Any time there’s a gap between receiving a payment, and the payment actually making its way into your bank account (for instance, when you deposit a check on Friday, and it doesn’t post until Monday) the payment should be accounted for as Money in Transit.
As with anything accounting-related, the more accurately something is recorded, the better!
Let’s say a client pays you by check on the last day of March. By the time the check clears and posts to your bank statement it will be April, leaving you with a bit of a conundrum: If you use the April transaction date to mark the transaction as paid, then your March reporting will not reflect the invoice payment, leaving your Accounts Receivable balance inaccurate. But if you record the invoice as paid in March, then your March bank statement will not reconcile.
This is where Money in Transit comes in: when the check arrives, you record it in a Money in Transit holding account – a sort of ‘pretend’ bank account.
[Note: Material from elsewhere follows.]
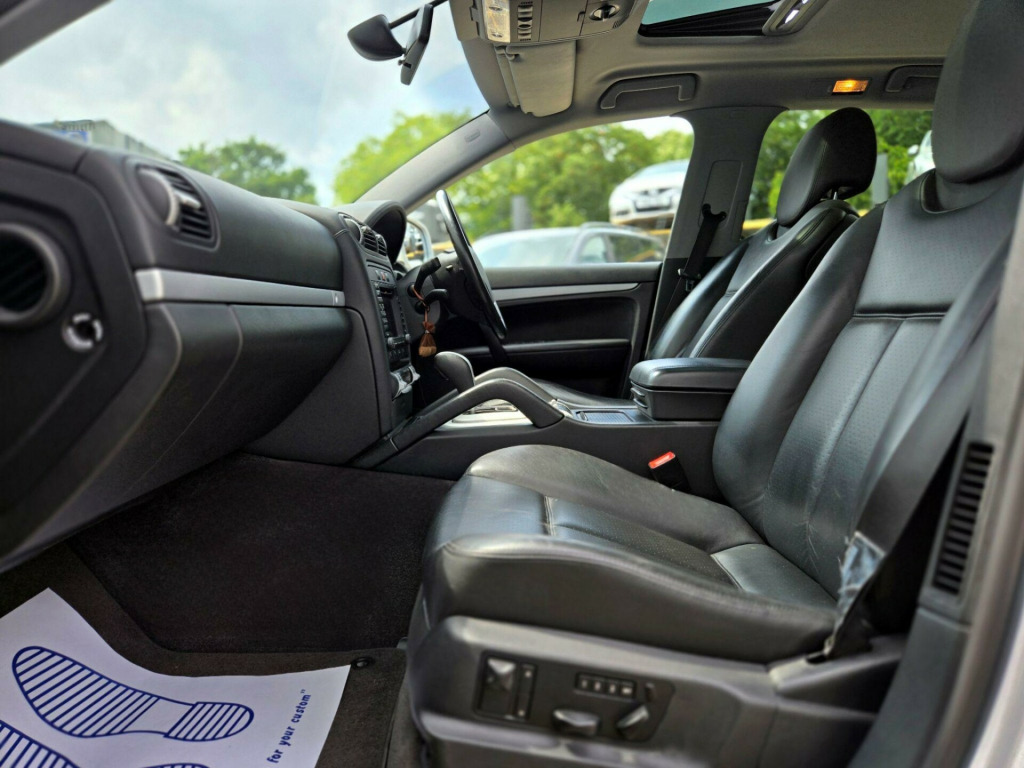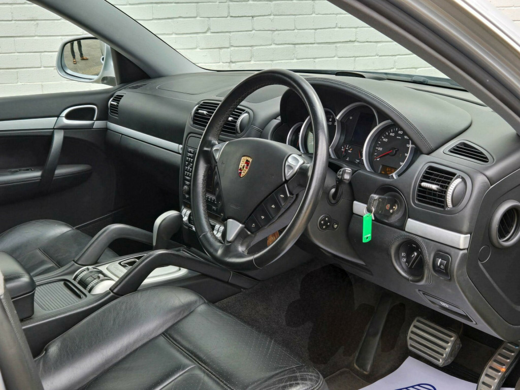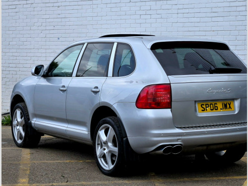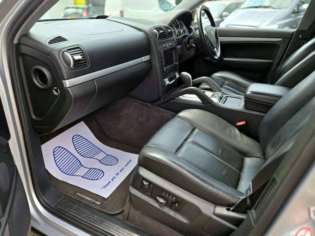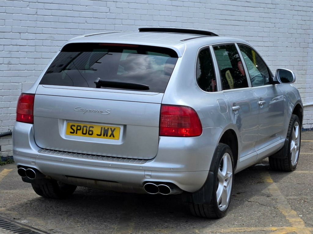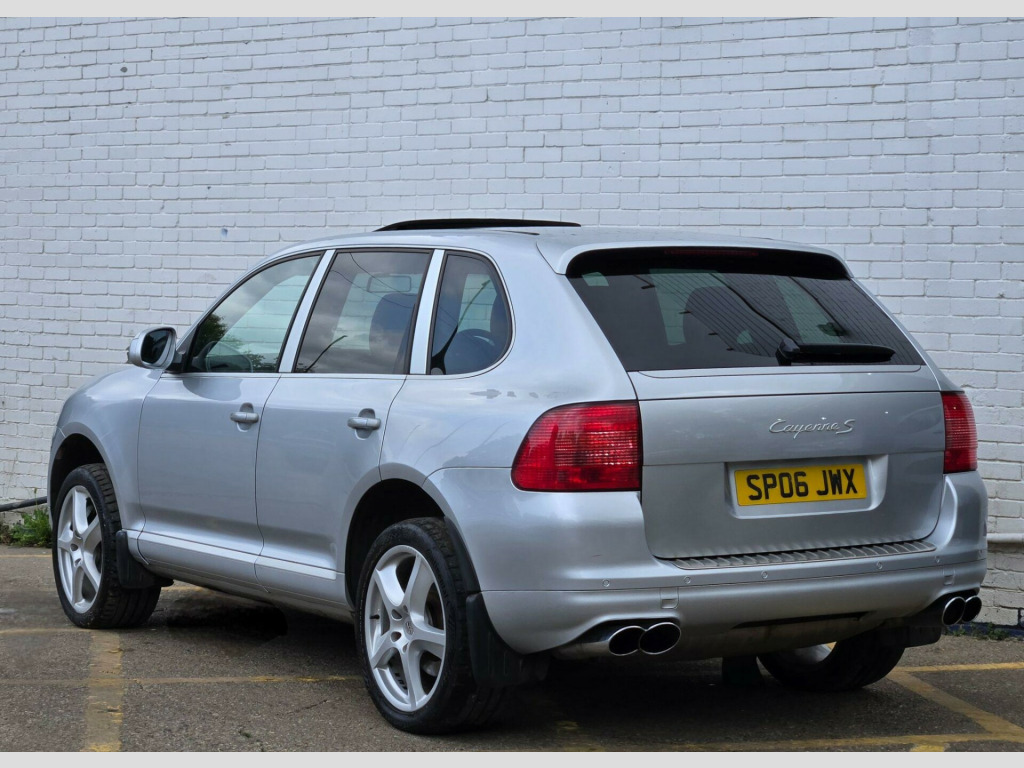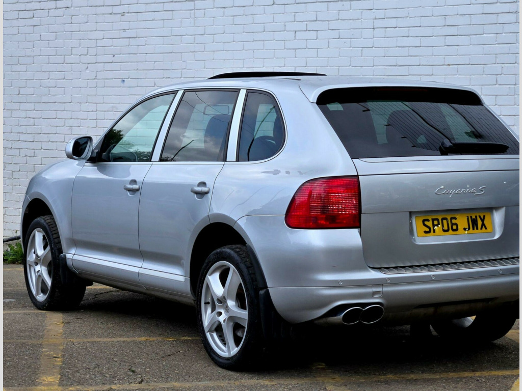 2 OWNERS ++ WE ARE THRILLED TO PRESENT THIS PORSCHE CAYENNE S IN CRYSTAL SILVER METALLIC WITH FULL BLACK SMOOTH FINISH LEATHER PACKAGE ++ FULL SERVICE HISTORY ++ MOT UNTIL 31-07-2026 ++ 2 KEYS ++ ELECTRIC SUNROOF ++ SATELLITE NAVIGATION SYSTEM ++ FACTORY 20-INCH CAYENNE SPORT TECHNO ALLOY WHEELS ++ PARK ASSIST (FRONT & REAR PARKING SENSORS) ++ Bi XENON HEAD LAMPS ++ FACTORY SPORT TAILPIPES ++ FACTORY FULL BLACK LEATHER PACKAGE ++ EXTENDED LEATHER PACKAGE ++ MEMORY PACKAGE ++ (FULLY ADJUSTABLE ELECTRIC MEMORY SEATS ++ ELECTRIC ADJUSTABLE STEERING WHEEL ++ CRUISE CONTROL ++ PRIVACY GLASS ++ REAR PARCEL SHELF ++ DRIVES EXCELLENT ++ HPI CLEAR & CERTIFIED ++ NATIONWIDE DELIVERY AVAILABLE ++ ULEZ COMPLIANT ++++ With only two previous owners, this 2006 Porsche Cayenne S is a great example of a performance SUV. The Cayenne S, with its 4.5L petrol engine and four-wheel drive system, offers a blend of luxury and capability. This particular model comes in the S trim, offering a comfortable and refined driving experience.The Porsche Cayenne S provides an engaging driving experience, accelerating from 0 to 60mph in just 7.2 seconds. This quick acceleration demonstrates how this vehicle delivers performance that sets it apart from other SUVs of its type. The Cayenne is a practical and desirable vehicle. justable steering column/wheel, air bag driver, air bag passenger, air bag side, air-conditioning (automatic), alarm, alloy wheels, anti-lock brakes, central door locking, centre rear seat belt, electric windows (front/rear), head air bags, immobiliser, in car entertainment (radio/cd), mirrors external, power-assisted steering, seat height adjustment (electric driver/passenger), seat lumbar support, seats electric (driver/passenger), spare wheel, speakers, upholstery leather, electric slide/tilt sunroof, 20in cayenne sport techno alloy wheels, bi-xenon lighting with dcscl, parkassist at front and rear, 3-spoke multi-function steering wheel in leather, full leather interior, privacy glass, tyre-pressure monitoring system, metallic paint, cruise control

And when the check clears, you record a transfer from Money in Transit, to your Bank account.
How to add a Money in Transit account:
- Go to Accounting > Chart of Accounts and click Add a New Account. Add an Asset account with a name like Check Clearing, or simply Money in Transit.
How to Record Money in Transit:
- When you receive the check, apply the payment directly to the invoice in the Invoices page, and select your Money in Transit account as the payment account.
- When the cleared deposit transaction imports from your bank, create a Transfer between Money in Transit and your bank account.